More evidence of the difference in the density profiles at the separatrix can be found when computing the fall-off lengths $\lambda_{\rm n_e}$ and $\lambda_{\rm p_e}$ , see table 1, using the method described in [30], taking Thomson scattering data in the near SOL. Comparing the 3 phases, the density fall-off length is reduced by more than a factor of 2, while the fall-off length of the pressure profile only changes by around $20\%$ .

Table 1. Fall-off lengths of electron density and electron pressure at the separatrix.

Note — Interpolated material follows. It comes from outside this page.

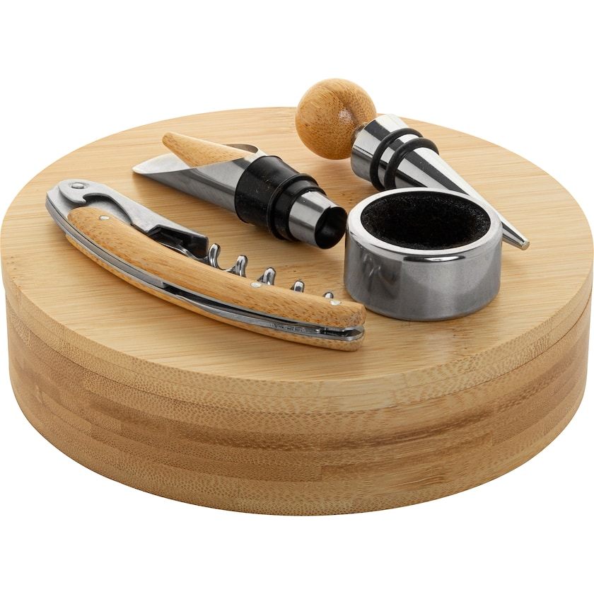 Set da vino con quattro accessori un una scatola di bambù rotonda. I quattro accessori sono realizzati in bambù e acciaio inox. Un regalo fantastico per gli amanti del vino.

Time (s) Dominant ELM type $\lambda_{\rm n_e}$ (mm) $\lambda_{\rm p_e}$ (mm)
3.5 Small 45 12
4.5 Mixed 35 11
5.5 Large 20 9

Figures 4(a)(c) shows the outer divertor current together with the stored energy (figures 4(d)(f)) for the three different phases indicating the respective ELM behaviour. Keeping the color code, figure 4(a) shows the purely gas fuelled phase in red. Some larger events with divertor current amplitudes in the range of 10–20 kA are visible with losses in WMHD of  <6%, but in between the small high frequency ELMs exhibit an amplitude of  ∼5 kA (indicated by two black lines in figure 4(a)) of the divertor current. Type-I ELMs become larger as the gas puff is reduced (figure 4(b)) or completely switched off (figure 4(c)) with losses in WMHD reaching up to 10% and at the same time the fluctuations between type-I ELMs decrease in amplitude to  ∼2 kA. No strict correlation between the pellet injection time, indicated in light blue, and the appearance of a large type-I ELM can be seen in this discharge. Some ELMs could be directly triggered by a pellet, others are clearly not triggered. This is in agreement with previous findings [31] that at high collisionalities a so-called lag time is observed, i.e. a time after an ELM in which a pellet is not able to trigger an ELM.

Figure 4.

Figure 4. Divertor current (a)–(c) and stored energy WMHD (d)–(f) of the three different time windows defined in figure 2, comparing gas (red), gas+pellet (blue) and pellet only (black), fuelling. The pellet arrival in (b), (c), (e) and (f) is indicated by light blue lines.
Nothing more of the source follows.